» Aim of the task
From the line containing "This is the" to the line containing "Once the order" in the entries below, reproduce every line exactly, ends included. Nothing else belongs in the copy, and no pictures.

Records from a collection
※

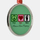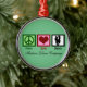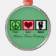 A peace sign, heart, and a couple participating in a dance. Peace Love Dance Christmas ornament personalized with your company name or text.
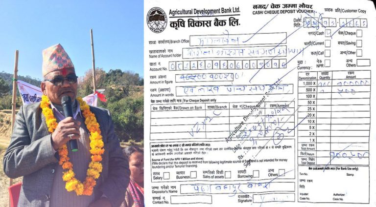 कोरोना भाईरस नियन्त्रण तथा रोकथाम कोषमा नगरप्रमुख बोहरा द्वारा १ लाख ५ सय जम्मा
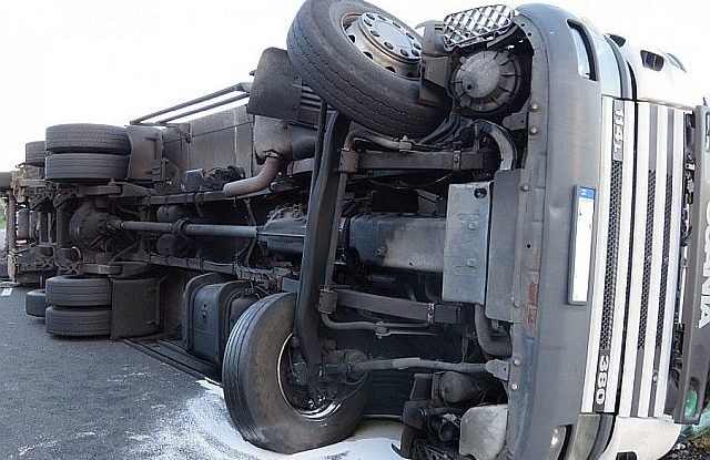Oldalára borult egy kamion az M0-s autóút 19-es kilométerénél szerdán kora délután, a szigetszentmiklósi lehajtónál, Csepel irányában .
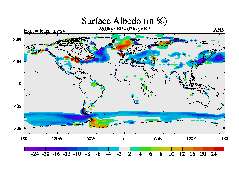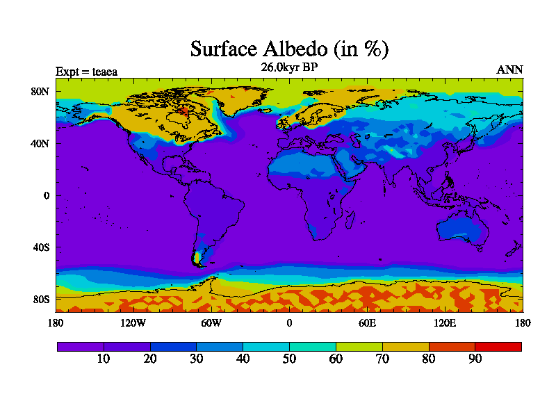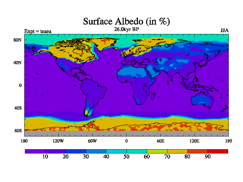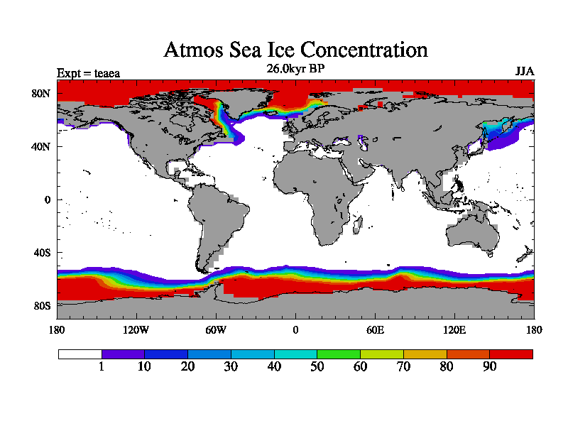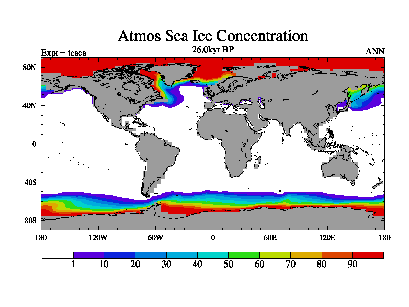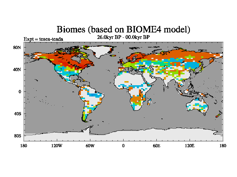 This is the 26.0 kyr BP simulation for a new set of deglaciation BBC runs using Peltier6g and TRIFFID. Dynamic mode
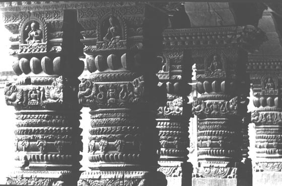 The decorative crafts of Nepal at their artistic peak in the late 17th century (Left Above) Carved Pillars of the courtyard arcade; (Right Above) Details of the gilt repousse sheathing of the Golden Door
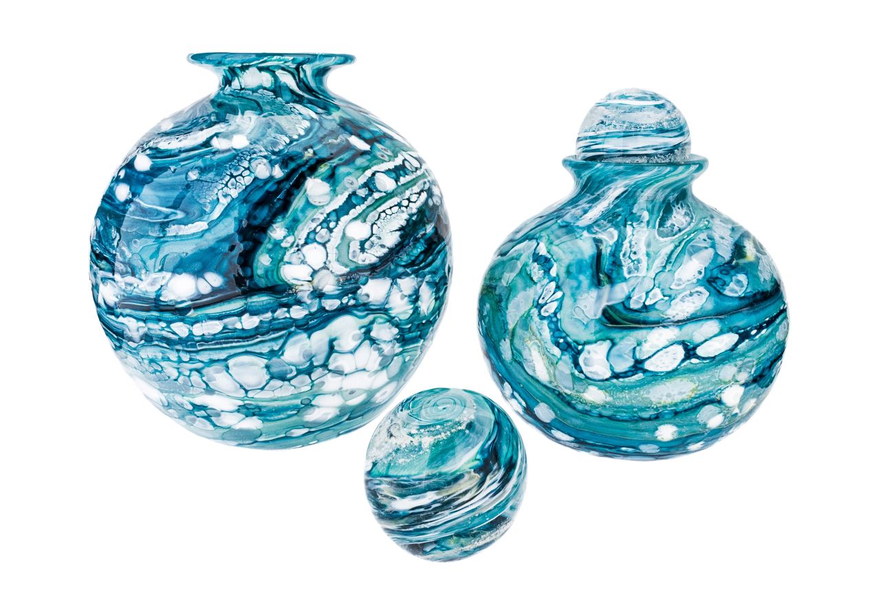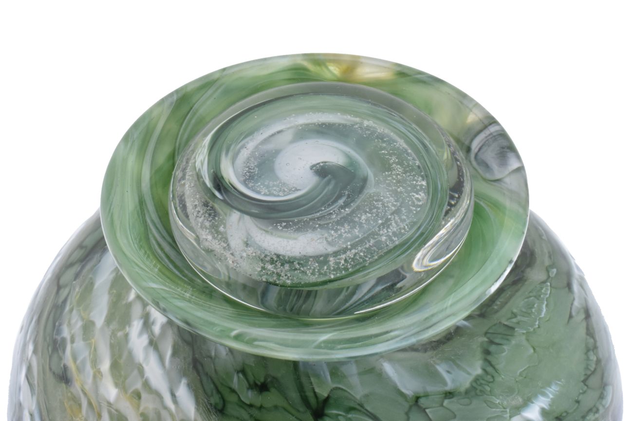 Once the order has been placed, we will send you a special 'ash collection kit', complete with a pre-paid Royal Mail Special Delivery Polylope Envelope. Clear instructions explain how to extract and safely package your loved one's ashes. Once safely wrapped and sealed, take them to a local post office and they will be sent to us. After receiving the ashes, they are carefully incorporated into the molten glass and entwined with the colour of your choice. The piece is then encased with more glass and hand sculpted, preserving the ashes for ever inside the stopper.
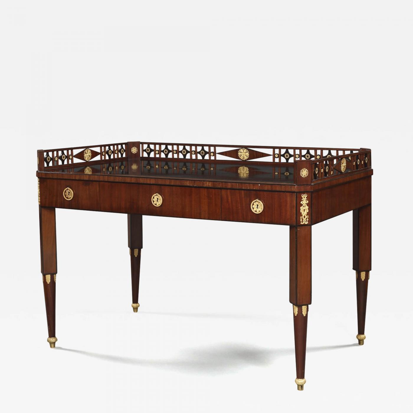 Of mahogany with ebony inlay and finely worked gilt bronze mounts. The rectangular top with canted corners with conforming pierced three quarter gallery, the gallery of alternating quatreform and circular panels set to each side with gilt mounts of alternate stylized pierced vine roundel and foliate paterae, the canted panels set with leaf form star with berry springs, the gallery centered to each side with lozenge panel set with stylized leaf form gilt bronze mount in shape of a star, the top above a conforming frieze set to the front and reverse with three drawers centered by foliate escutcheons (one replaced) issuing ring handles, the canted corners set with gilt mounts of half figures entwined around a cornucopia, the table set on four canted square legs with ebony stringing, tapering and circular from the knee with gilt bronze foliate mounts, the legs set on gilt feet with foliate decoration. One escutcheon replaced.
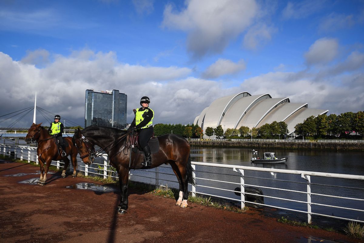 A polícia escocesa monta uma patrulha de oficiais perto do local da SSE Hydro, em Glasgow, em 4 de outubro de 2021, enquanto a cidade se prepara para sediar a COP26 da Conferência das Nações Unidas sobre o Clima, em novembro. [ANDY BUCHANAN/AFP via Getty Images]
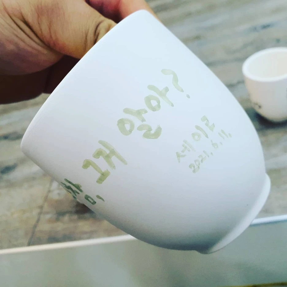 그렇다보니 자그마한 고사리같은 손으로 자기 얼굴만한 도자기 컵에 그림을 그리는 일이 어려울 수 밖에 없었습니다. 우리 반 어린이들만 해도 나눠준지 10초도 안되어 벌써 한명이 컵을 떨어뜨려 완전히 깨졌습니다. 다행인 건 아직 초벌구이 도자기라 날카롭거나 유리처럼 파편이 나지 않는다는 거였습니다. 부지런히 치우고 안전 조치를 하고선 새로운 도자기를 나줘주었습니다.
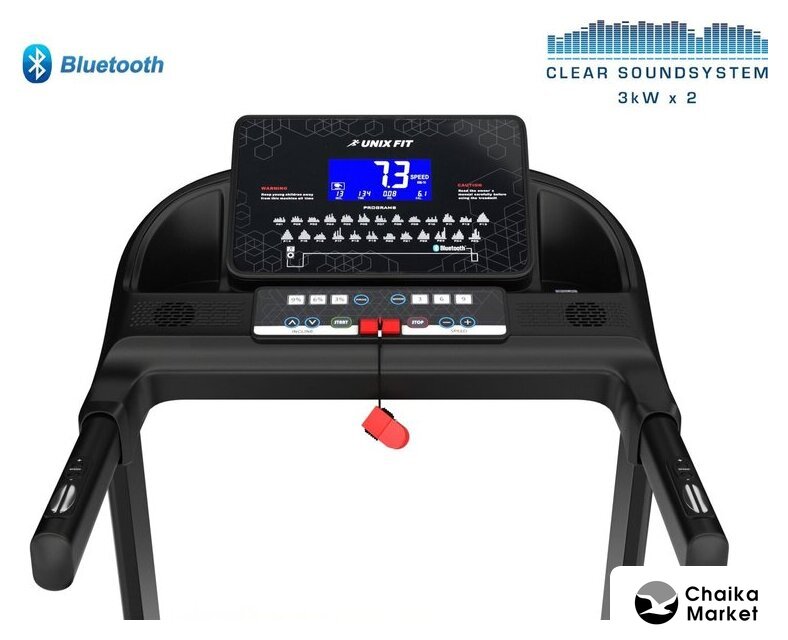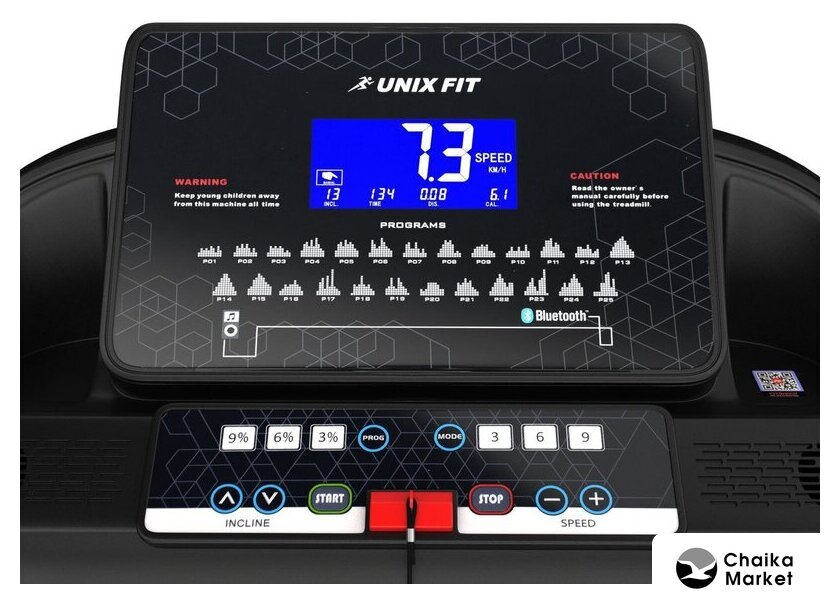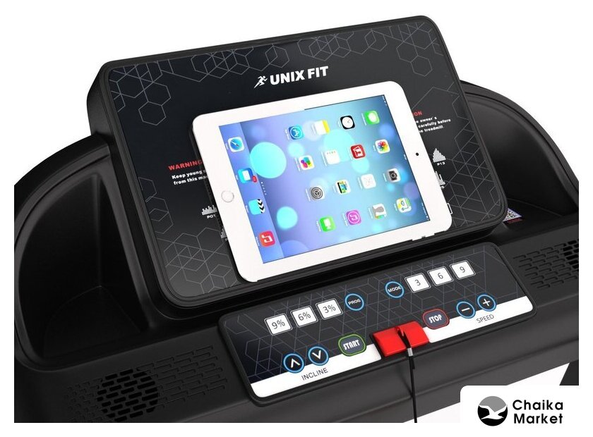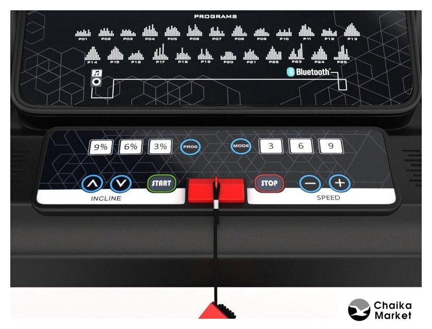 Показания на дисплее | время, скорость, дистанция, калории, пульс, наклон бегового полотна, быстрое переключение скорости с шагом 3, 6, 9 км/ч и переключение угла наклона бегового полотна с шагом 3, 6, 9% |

※

» Your solution
 This is the 26.0 kyr BP simulation for a new set of deglaciation BBC runs using Peltier6g and TRIFFID. Dynamic mode
 The decorative crafts of Nepal at their artistic peak in the late 17th century (Left Above) Carved Pillars of the courtyard arcade; (Right Above) Details of the gilt repousse sheathing of the Golden Door
 Once the order has been placed, we will send you a special 'ash collection kit', complete with a pre-paid Royal Mail Special Delivery Polylope Envelope. Clear instructions explain how to extract and safely package your loved one's ashes. Once safely wrapped and sealed, take them to a local post office and they will be sent to us. After receiving the ashes, they are carefully incorporated into the molten glass and entwined with the colour of your choice. The piece is then encased with more glass and hand sculpted, preserving the ashes for ever inside the stopper.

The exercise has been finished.